Vertical logistic regression.

Implement the basic SGD based logistic regression among multiple vertical participants.

To explain this algorithm, suppose alice has features and label, while bob and charlie have features only. The main steps of SGD are:

  1. Alice does prediction using secure aggregation.

  2. Alice sends the residual to bob/charlie in HE(Homomorphic Encryption) ciphertext.

  3. Bob and charlie compute gradients in HE ciphertext and send masked gradients to alice.

  4. Alice decrypts the masked gradients and send them back to bob/charlie.

  5. Bob and charlie unmask gradients and update their weights independently.
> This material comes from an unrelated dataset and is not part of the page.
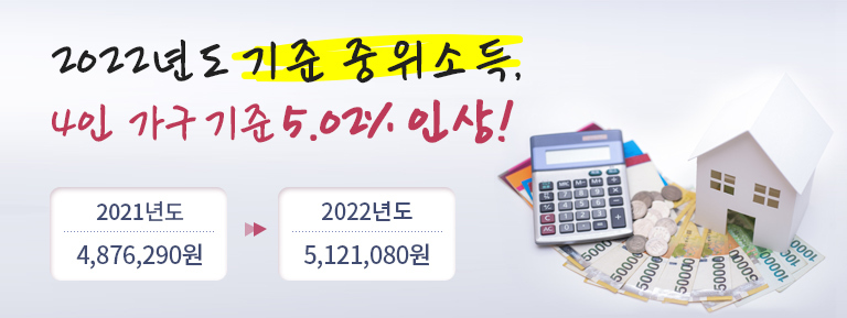 2022년도 기준 중위소득은 4인 가구 기준으로 올해 487만 6290원 대비 5.02% 인상된 512만 1080원으로 결정되었다.

  6. Alice updates its weights also.

Methods:

__init__(devices, aggregator, heu[, ...])

Init VanillaVerLogisticRegression.

init_train_data(x, y, epochs, batch_size[, ...])

predict(x)

Predict the score.

compute_loss(x, y[, avg_flag])

Compute the loss.

get_weight()

Get weight from this estimator.

set_weight(weight)

Set weight to this estimator.

fit(x, y, batch_size, epochs[, tol, ...])

Fit the model.

fit_in_steps(n_step, learning_rate, epoch)

Fit in steps.

__init__(devices: List[PYU], aggregator: Aggregator, heu: HEU, fxp_bits: Optional[int] = 18, audit_log_dir: Optional[Dict[PYU, str]] = None)[源代码]#

Init VanillaVerLogisticRegression.

参数:
  • devices – a list of PYU devices taking part in the computation.

  • aggregator – the aggregator instance.

  • heu – the heu device instance.

  • fxp_bits – the fraction bit length for encoding before send to heu device. Defaults to spu_fxp_precision(spu.spu_pb2.FM64).

  • audit_log_dir – a dict specifying the audit log directory for each device. No audit log if is None. Default to None. Please leave it None unless you are very sure what the audit does and accept the risk.

init_train_data(x: FedNdarray, y: FedNdarray, epochs: int, batch_size: int, shuffle_seed: Optional[int] = None)[源代码]#
predict(x: Union[VDataFrame, FedNdarray, List[PYUObject]]) PYUObject[源代码]#

Predict the score.

参数:

x – the samples to predict.

返回:

a PYUObject holds prediction results.

返回类型:

PYUObject

compute_loss(x: FedNdarray, y: FedNdarray, avg_flag: Optional[bool] = True) PYUObject[源代码]#

Compute the loss.

参数:
  • x – the samples.

  • y – the label.

  • avg_flag – whether dividing the sample number. Defaults to True.

返回:

a PYUObject holds loss value.

返回类型:

PYUObject

get_weight() Dict[PYU, PYUObject][源代码]#

Get weight from this estimator.

返回:

A dict of pyu and its weight. Note that the intecept(w0) is the first column of the label deivce weight.

set_weight(weight: Dict[PYU, Union[PYUObject, ndarray]])[源代码]#

Set weight to this estimator.

参数:

weight – a dict of pyu and its weight.

fit(x: Union[VDataFrame, FedNdarray], y: Union[VDataFrame, FedNdarray], batch_size: int, epochs: int, tol: Optional[float] = 0.0001, learning_rate: Optional[float] = 0.1)[源代码]#

Fit the model.

参数:
  • x – training vector.

  • y – target vector relative to x.

  • batch_size – number of samples per gradient update.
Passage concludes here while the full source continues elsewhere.